Monday, April 21, 2025



“Skittles” celebrates second annual show

When Intisar Abioto ’08 addressed the packed Zilkha Gallery, she used language as a medium of movement as well as of verbal power, exclaiming, “Minority…is not a real word because we’re here!”

Abioto spoke to an assemblage of more than 100 students gathered for the February 14 opening of “Skittles,” the second annual art show displaying work by Wesleyan student of color artists. Framed by a wall of luminescent photographs, Abioto said of her own work: “I decided that I could do something bigger than I thought I could ever do before.”

On the wall to her left, Luz Burgos’ ’09 horned Puerto Rican mask expands into the space surrounding it, feeling both menacing and celebratory. Burgos, who entitled the 2006 work “Mi Carribe,” created it to honor the African influence in her Puerto Rican heritage. She describes her process of constructing masks as ongoing. Burgos likened her piece to those worn during traditional Puerto Rican celebrations to inspire both fear and laughter, especially in children.
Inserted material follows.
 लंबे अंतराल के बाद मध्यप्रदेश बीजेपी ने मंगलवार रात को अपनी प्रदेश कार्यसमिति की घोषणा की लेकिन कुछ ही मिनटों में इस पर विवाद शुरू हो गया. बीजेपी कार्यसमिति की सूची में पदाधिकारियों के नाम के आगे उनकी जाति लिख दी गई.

In the written description of her piece, she explains that, “Art is said to be universal except it is a limited world, which makes it difficult for people of color to rise to the top.”

Grateful for the outlet of the collective of artists that assembled to create the show, Maya Barros-Odim ’10 performed a spoken word piece introducing the exhibit.
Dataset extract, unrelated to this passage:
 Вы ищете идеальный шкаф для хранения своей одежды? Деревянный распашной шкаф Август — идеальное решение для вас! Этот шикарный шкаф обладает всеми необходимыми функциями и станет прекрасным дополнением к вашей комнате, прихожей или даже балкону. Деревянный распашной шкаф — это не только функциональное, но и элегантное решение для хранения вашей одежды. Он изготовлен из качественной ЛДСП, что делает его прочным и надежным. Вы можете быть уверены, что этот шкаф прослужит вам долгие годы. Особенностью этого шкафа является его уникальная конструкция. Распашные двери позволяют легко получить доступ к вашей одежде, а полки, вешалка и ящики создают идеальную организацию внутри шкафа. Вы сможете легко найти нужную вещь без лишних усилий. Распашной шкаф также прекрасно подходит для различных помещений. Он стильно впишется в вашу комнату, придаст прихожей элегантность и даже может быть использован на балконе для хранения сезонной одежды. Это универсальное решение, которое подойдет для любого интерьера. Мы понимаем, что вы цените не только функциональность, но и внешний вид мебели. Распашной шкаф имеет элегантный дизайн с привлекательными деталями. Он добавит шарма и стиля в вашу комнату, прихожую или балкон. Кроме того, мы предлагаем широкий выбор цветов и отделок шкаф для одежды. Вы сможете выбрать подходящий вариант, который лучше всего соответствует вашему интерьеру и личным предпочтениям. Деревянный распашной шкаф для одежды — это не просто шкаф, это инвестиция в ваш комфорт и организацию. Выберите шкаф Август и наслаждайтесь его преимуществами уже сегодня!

“Art is such a sweet word,” she said“a belief reflected in the entirety of the exhibit, which exudes both vibrancy and a re-appropriation of traditional images.

This balance is manifested in many of “Skittles’” works, including a series of mixed media portraits, a photo collage built into a white t-shirt, a pastel-and-marker homage to Jean Michel Basquiat, and a mixed media collage by Consuelo Gonzales ’08 that refutes the cowboy and Indian images typical to the New Mexican art with which she grew up. The collage builds vivid flowering cacti around a system of black and white magazine cutouts of children playing cowboy around an earth-toned image of the Virgin de Guadalupe (the patron saint of Mexico). Gonzales uses changes in scale and a gradation of saturated, soft colors to suggest the fullness of her vision of New Mexican culture.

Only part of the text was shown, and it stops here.